§ **Work task**
Give again, word for word, the lines below that run from the line with "Checkpoint es una" through the line with "San Francisco, June". Drop the pictures.

§ **Data extract**
######

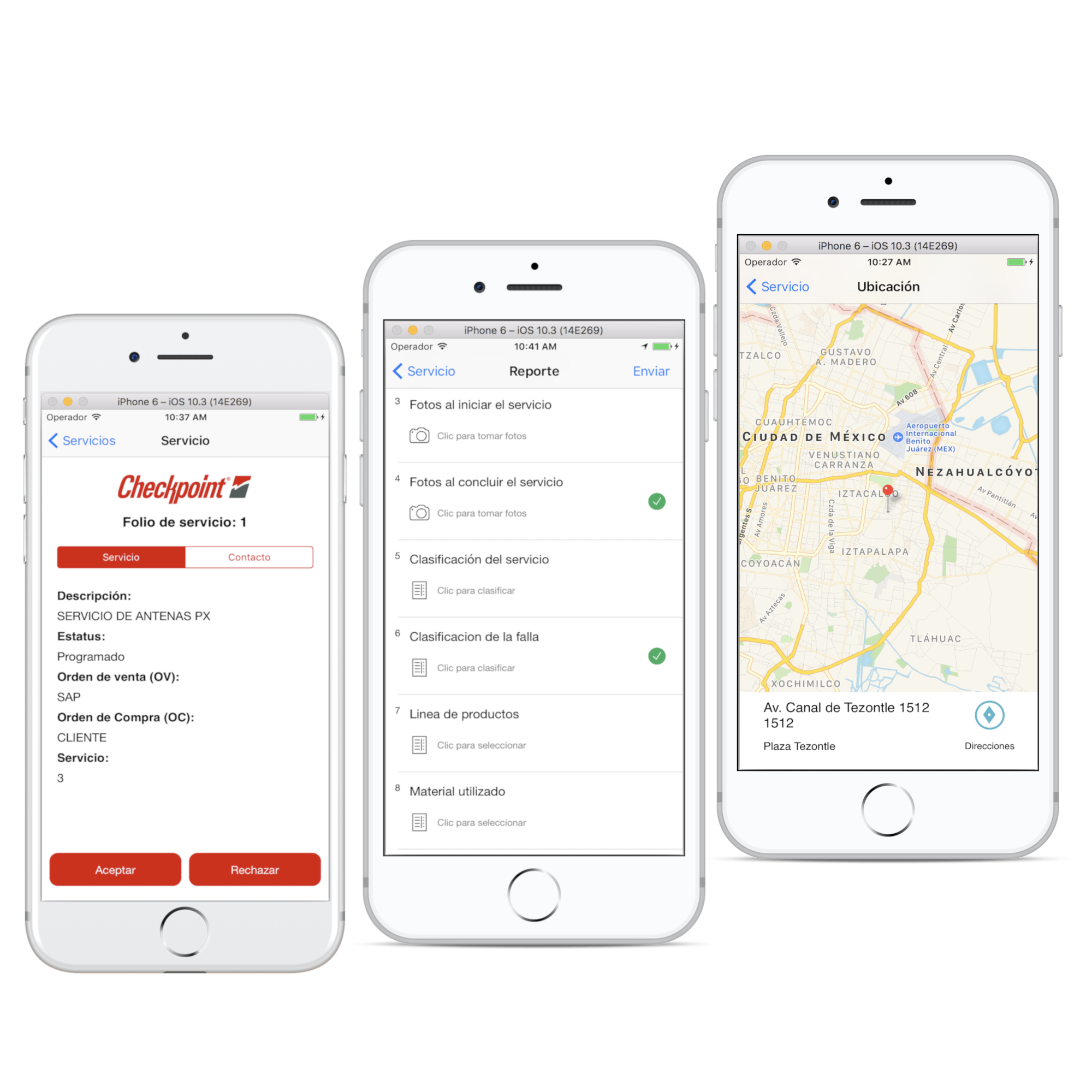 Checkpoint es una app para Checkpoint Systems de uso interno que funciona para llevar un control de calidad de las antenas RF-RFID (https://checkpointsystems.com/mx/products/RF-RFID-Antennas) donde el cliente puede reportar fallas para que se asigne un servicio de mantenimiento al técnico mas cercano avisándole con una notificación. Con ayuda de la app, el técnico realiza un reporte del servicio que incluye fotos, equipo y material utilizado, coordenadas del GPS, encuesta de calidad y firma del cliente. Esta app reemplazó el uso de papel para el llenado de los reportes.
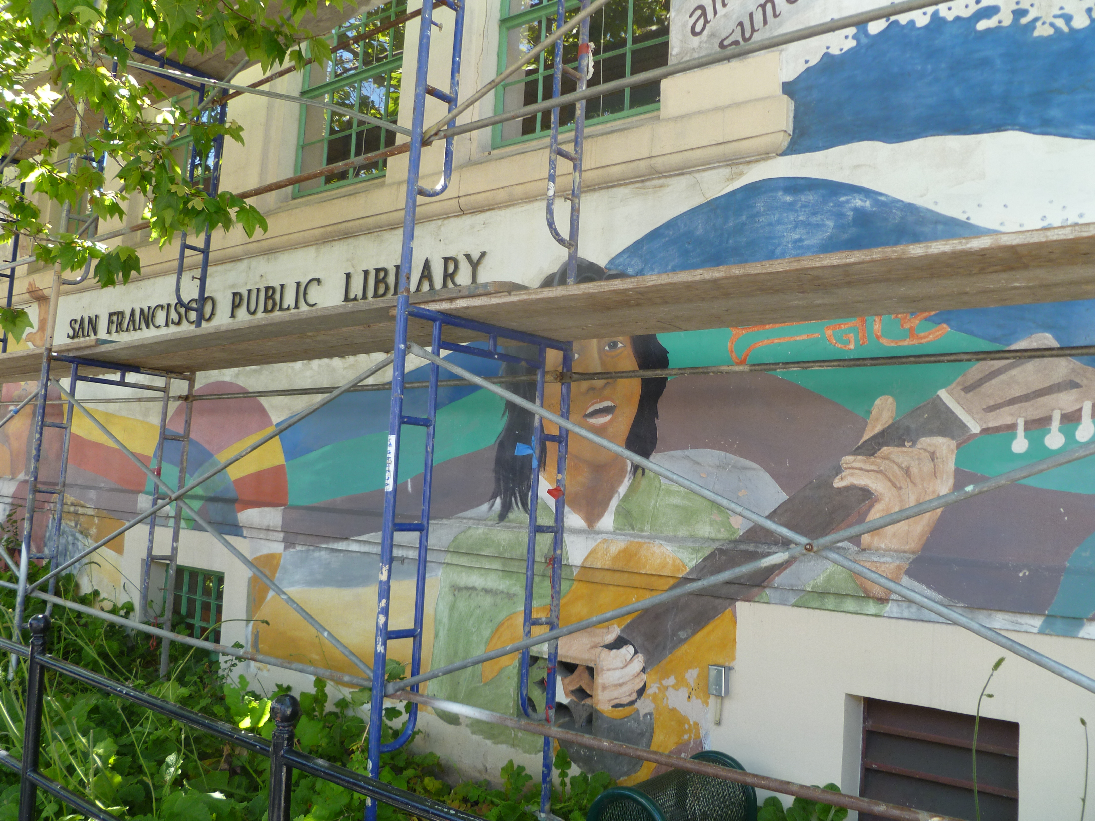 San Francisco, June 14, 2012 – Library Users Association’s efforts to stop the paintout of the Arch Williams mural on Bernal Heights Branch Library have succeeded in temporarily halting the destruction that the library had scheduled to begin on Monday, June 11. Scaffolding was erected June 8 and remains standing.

######

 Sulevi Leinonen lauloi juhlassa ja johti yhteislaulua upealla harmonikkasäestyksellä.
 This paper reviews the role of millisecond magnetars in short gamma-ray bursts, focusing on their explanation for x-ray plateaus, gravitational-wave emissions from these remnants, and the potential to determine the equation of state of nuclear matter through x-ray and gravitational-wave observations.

######

§ **Written solution**
 Checkpoint es una app para Checkpoint Systems de uso interno que funciona para llevar un control de calidad de las antenas RF-RFID (https://checkpointsystems.com/mx/products/RF-RFID-Antennas) donde el cliente puede reportar fallas para que se asigne un servicio de mantenimiento al técnico mas cercano avisándole con una notificación. Con ayuda de la app, el técnico realiza un reporte del servicio que incluye fotos, equipo y material utilizado, coordenadas del GPS, encuesta de calidad y firma del cliente. Esta app reemplazó el uso de papel para el llenado de los reportes.
 San Francisco, June 14, 2012 – Library Users Association’s efforts to stop the paintout of the Arch Williams mural on Bernal Heights Branch Library have succeeded in temporarily halting the destruction that the library had scheduled to begin on Monday, June 11. Scaffolding was erected June 8 and remains standing.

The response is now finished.